Collected data:
┄┄┄┄┄┄┄┄┄┄┄┄┄┄┄┄┄┄┄┄

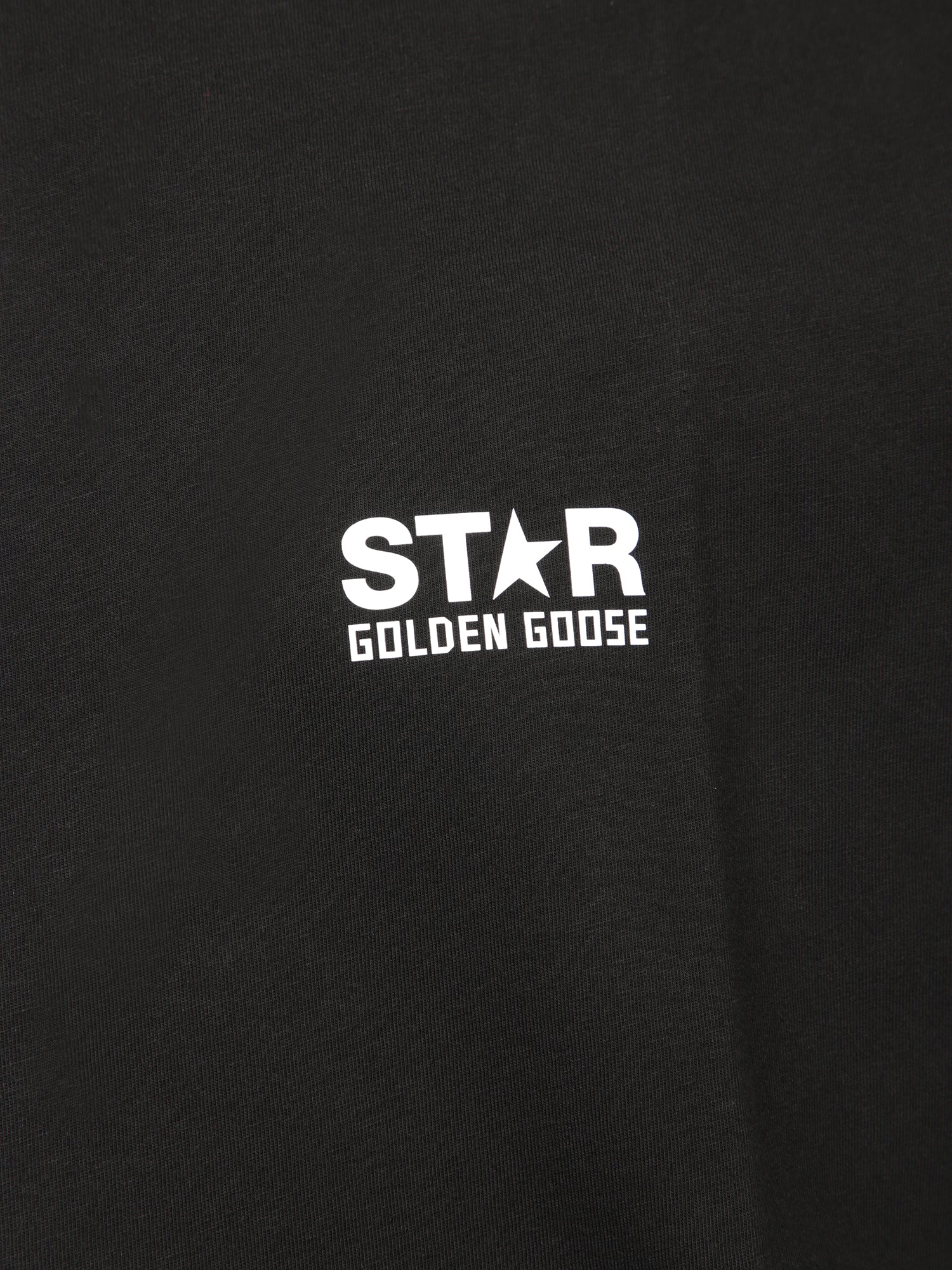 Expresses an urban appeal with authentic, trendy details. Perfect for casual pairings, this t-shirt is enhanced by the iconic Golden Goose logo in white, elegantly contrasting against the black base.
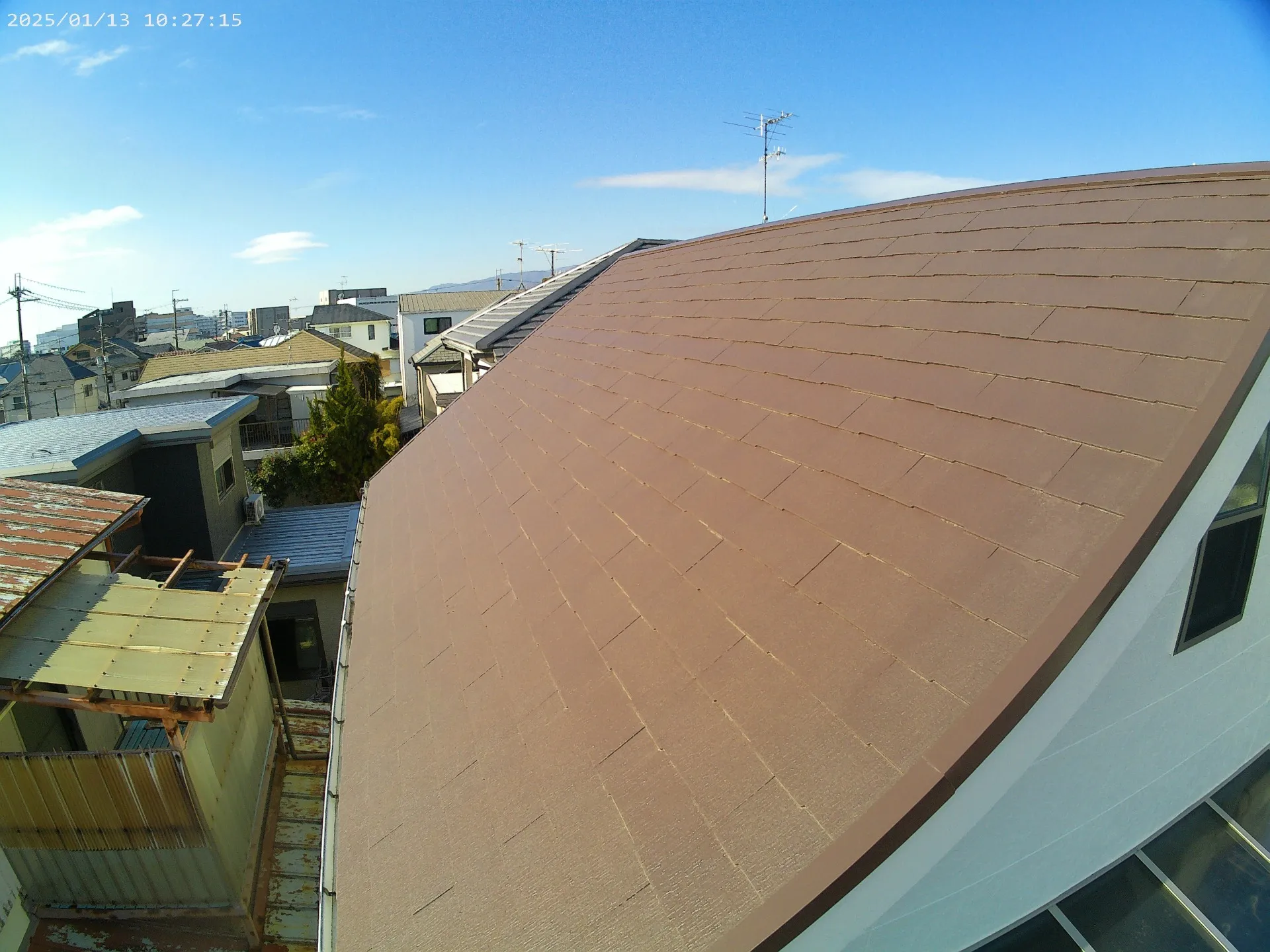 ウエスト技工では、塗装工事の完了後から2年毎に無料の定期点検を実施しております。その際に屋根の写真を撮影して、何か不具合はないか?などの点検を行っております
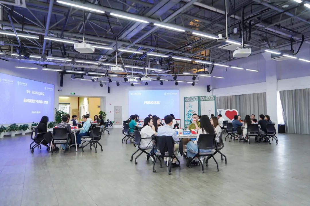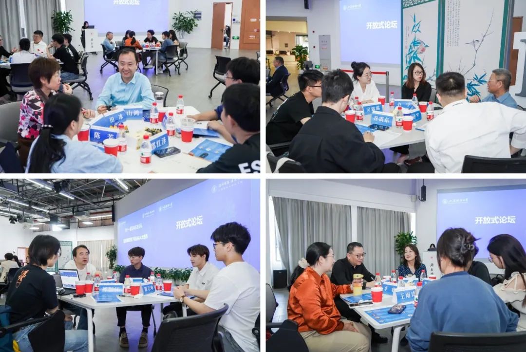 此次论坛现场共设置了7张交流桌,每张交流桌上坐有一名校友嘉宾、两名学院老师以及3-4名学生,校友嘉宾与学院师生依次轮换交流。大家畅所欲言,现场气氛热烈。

┄┄┄┄┄┄┄┄┄┄┄┄┄┄┄┄┄┄┄┄

Problem requirements: Leaving out the pictures, output each line above exactly as it is.

Exercise output:
 Expresses an urban appeal with authentic, trendy details. Perfect for casual pairings, this t-shirt is enhanced by the iconic Golden Goose logo in white, elegantly contrasting against the black base.
 ウエスト技工では、塗装工事の完了後から2年毎に無料の定期点検を実施しております。その際に屋根の写真を撮影して、何か不具合はないか?などの点検を行っております
 此次论坛现场共设置了7张交流桌,每张交流桌上坐有一名校友嘉宾、两名学院老师以及3-4名学生,校友嘉宾与学院师生依次轮换交流。大家畅所欲言,现场气氛热烈。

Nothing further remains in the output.